WORK TO BE COMPLETED:
Down to the last word, output the records below, skipping any images.

Source data:
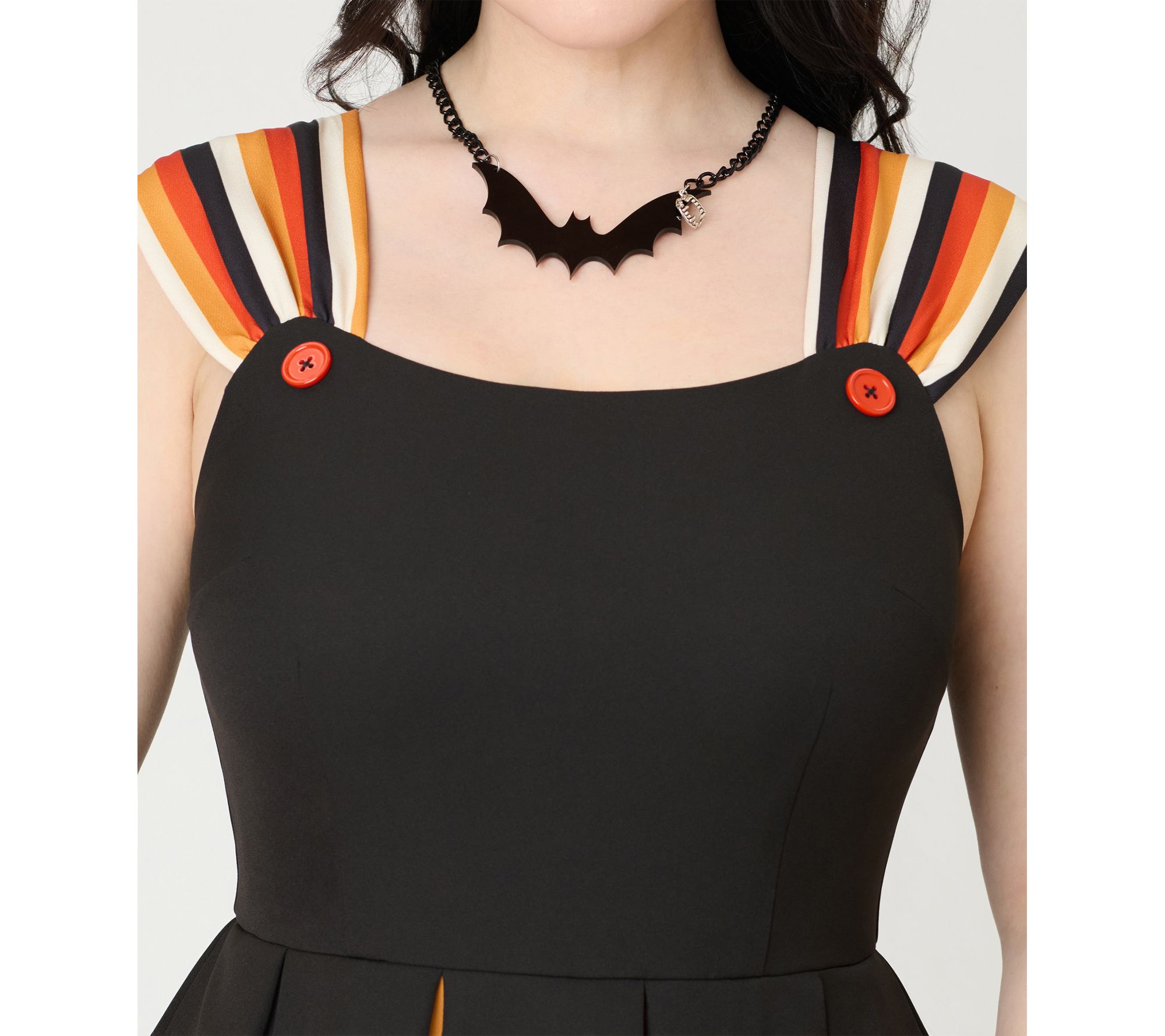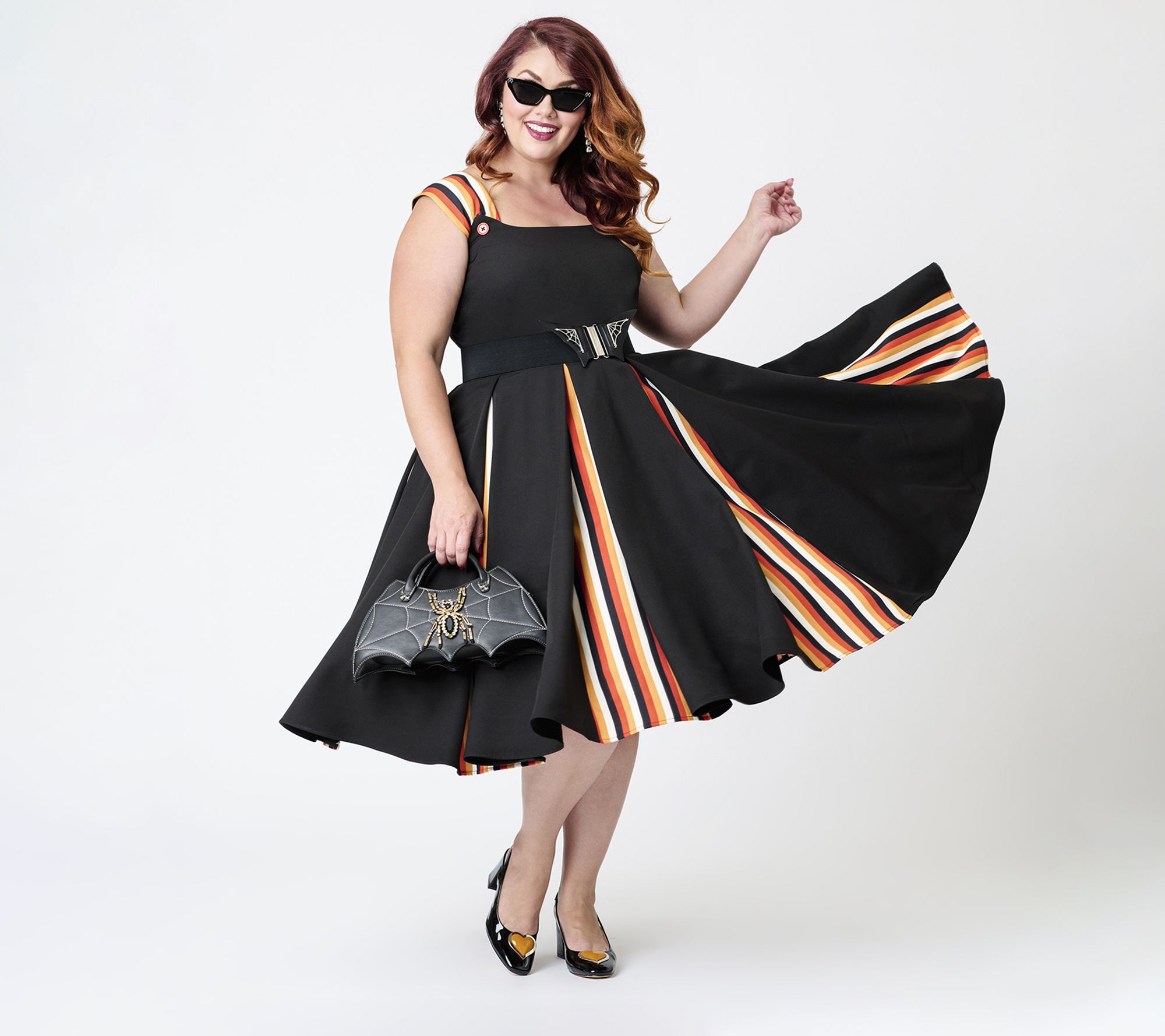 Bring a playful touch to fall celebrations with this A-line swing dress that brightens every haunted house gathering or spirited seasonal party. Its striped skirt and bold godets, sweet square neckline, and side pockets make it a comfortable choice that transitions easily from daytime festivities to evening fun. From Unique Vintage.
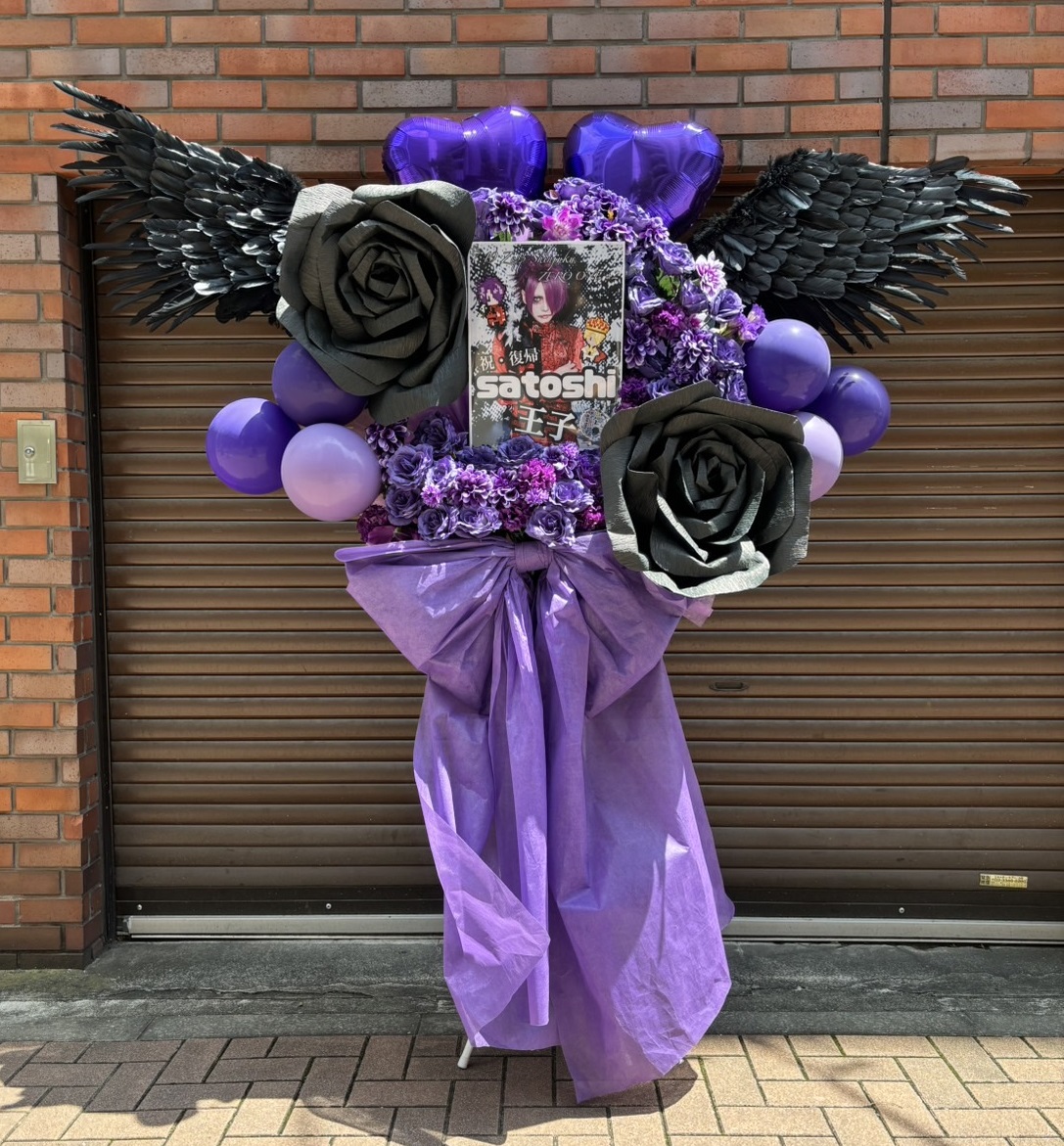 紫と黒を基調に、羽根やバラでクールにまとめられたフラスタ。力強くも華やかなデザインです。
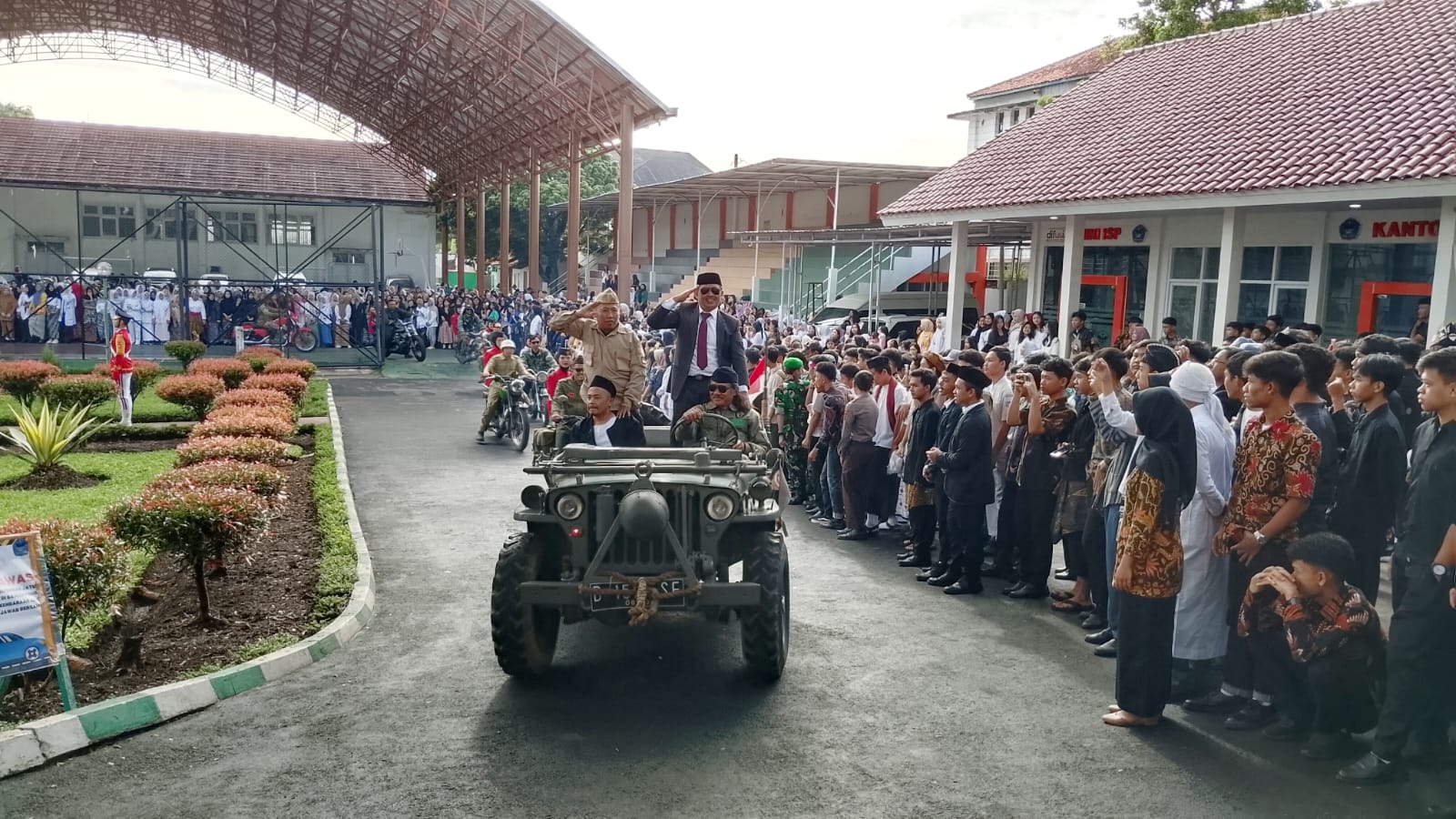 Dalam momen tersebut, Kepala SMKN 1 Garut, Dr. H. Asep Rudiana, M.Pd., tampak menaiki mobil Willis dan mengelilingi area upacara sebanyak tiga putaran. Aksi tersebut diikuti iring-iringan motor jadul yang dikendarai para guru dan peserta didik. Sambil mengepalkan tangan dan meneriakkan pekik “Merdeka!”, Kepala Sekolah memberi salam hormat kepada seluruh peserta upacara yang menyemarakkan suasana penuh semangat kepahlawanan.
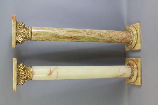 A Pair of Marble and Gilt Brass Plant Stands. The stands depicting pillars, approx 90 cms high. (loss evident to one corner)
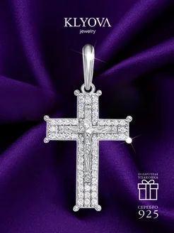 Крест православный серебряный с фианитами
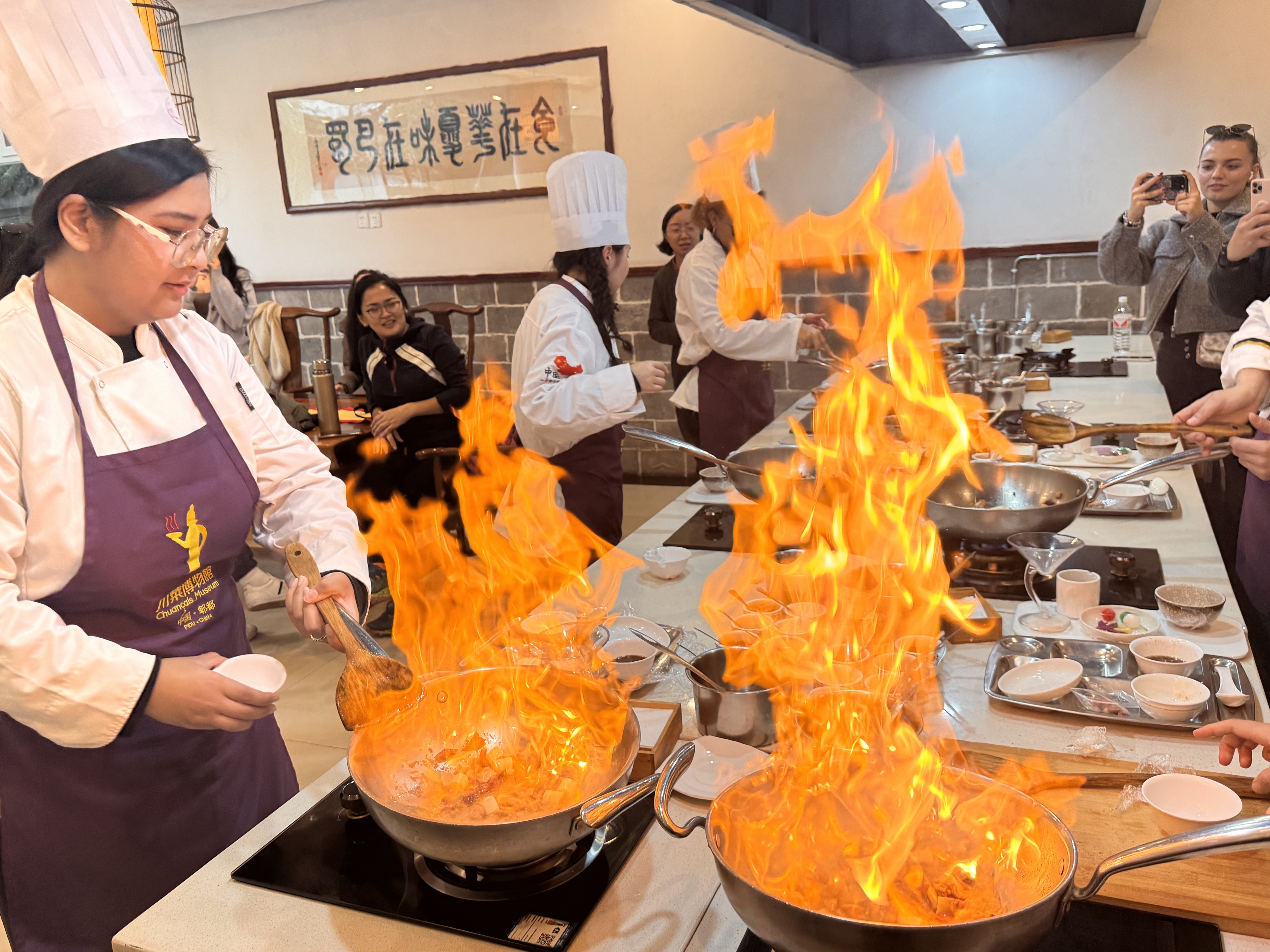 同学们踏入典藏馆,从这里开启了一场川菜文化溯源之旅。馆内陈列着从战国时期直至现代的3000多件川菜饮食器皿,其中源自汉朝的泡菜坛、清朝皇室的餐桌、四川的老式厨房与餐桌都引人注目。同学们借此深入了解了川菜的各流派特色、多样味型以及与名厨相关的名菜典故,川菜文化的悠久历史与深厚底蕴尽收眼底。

COMPLETED EXERCISE:
 Bring a playful touch to fall celebrations with this A-line swing dress that brightens every haunted house gathering or spirited seasonal party. Its striped skirt and bold godets, sweet square neckline, and side pockets make it a comfortable choice that transitions easily from daytime festivities to evening fun. From Unique Vintage.
 紫と黒を基調に、羽根やバラでクールにまとめられたフラスタ。力強くも華やかなデザインです。
 Dalam momen tersebut, Kepala SMKN 1 Garut, Dr. H. Asep Rudiana, M.Pd., tampak menaiki mobil Willis dan mengelilingi area upacara sebanyak tiga putaran. Aksi tersebut diikuti iring-iringan motor jadul yang dikendarai para guru dan peserta didik. Sambil mengepalkan tangan dan meneriakkan pekik “Merdeka!”, Kepala Sekolah memberi salam hormat kepada seluruh peserta upacara yang menyemarakkan suasana penuh semangat kepahlawanan.
 A Pair of Marble and Gilt Brass Plant Stands. The stands depicting pillars, approx 90 cms high. (loss evident to one corner)
 Крест православный серебряный с фианитами
 同学们踏入典藏馆,从这里开启了一场川菜文化溯源之旅。馆内陈列着从战国时期直至现代的3000多件川菜饮食器皿,其中源自汉朝的泡菜坛、清朝皇室的餐桌、四川的老式厨房与餐桌都引人注目。同学们借此深入了解了川菜的各流派特色、多样味型以及与名厨相关的名菜典故,川菜文化的悠久历史与深厚底蕴尽收眼底。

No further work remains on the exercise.